In the subject case, the Frigons consigned various artworks to a gallery for sale. The gallery sold the works for prices below the minimums set forth in the consignment agreements and failed to remit the proceeds to the Frigons. Recognizing their unlikely recovery despite a nearly indisputable claim against the gallery, the Frigons chose to file a claim under their “all-risk” masterpiece insurance policy. Pacific Indemnity (a subsidiary of Chubb) denied the claim, and the Frigons sued.

The Court ruled that the Frigons’ loss, caused by the gallery’s sale of the artworks in contravention of the consignment agreements and the failure to remit the sales proceeds, was, in effect, a conversion, or theft, of their property and, as such, a loss covered by their all-risk policy. (Whether the Court would have ruled in the same way had the sales been in compliance with the consignment agreements but the proceeds still not remitted to the owners is an interesting—and important—question. That said, it is not hard to imagine that the Court would still have found that the gallery effected the conversion of the owners’ property.)

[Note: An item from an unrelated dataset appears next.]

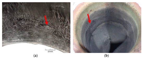 Besides this result, Design 2 also turns out to be a better choice when considering the interactions between the sample material and the reactor. As shown in Figure 14a, a massive attack of the reactor wall was observed in Design 1 (Al2O3) with ring diameter reductions of up to 0.2 mm. On the other hand, Figure 14b shows the reactor in Design 2 (MgO) after the experiment. From the difference between the weighing before and after the test, it is known that the reactor was over 81 g heavier afterwards. The theory of adhesion to the reactor can also be seen in the illustration, whose boundary is marked with the red arrow.

The “landmark” nature of this case likely depends on your view of the result—essentially the gallery’s malfeasance was determined to be a risk covered under the owner’s all-risk policy. In fairness, I haven’t tried to determine if there is prior case law in this area, though undoubtedly there is. Thus, whether the Wall Street Journal and some commentators, including Scott Hodes, one of the leading U.S. art lawyers, are correct that this decision could have landmark effects in the art world—including a modification to such all-risk policies—or whether other commentators (notably a few bloggers whose credentials I haven’t evaluated) are right that this decision amounts to nothing new, may not really matter.

Regardless of whether this case is ultimately viewed as having a “landmark” effect, it should remind all of us with a direct interest in the art world and in its daily commercial transactions that we owe each other a “duty of good faith” in connection with those art world transactions. Further, this should be a reminder to check the terms of your insurance policies and remember that they may be there, despite the view of Pacific Indemnity, to protect you against all forms of loss, even where you might not have expected such coverage to exist.

So, if you take nothing else away from the Frigon case, be sure you have a so-called “all-risk” policy with as few exclusions as possible and keep that policy in mind should you suffer a loss from an unexpected cause.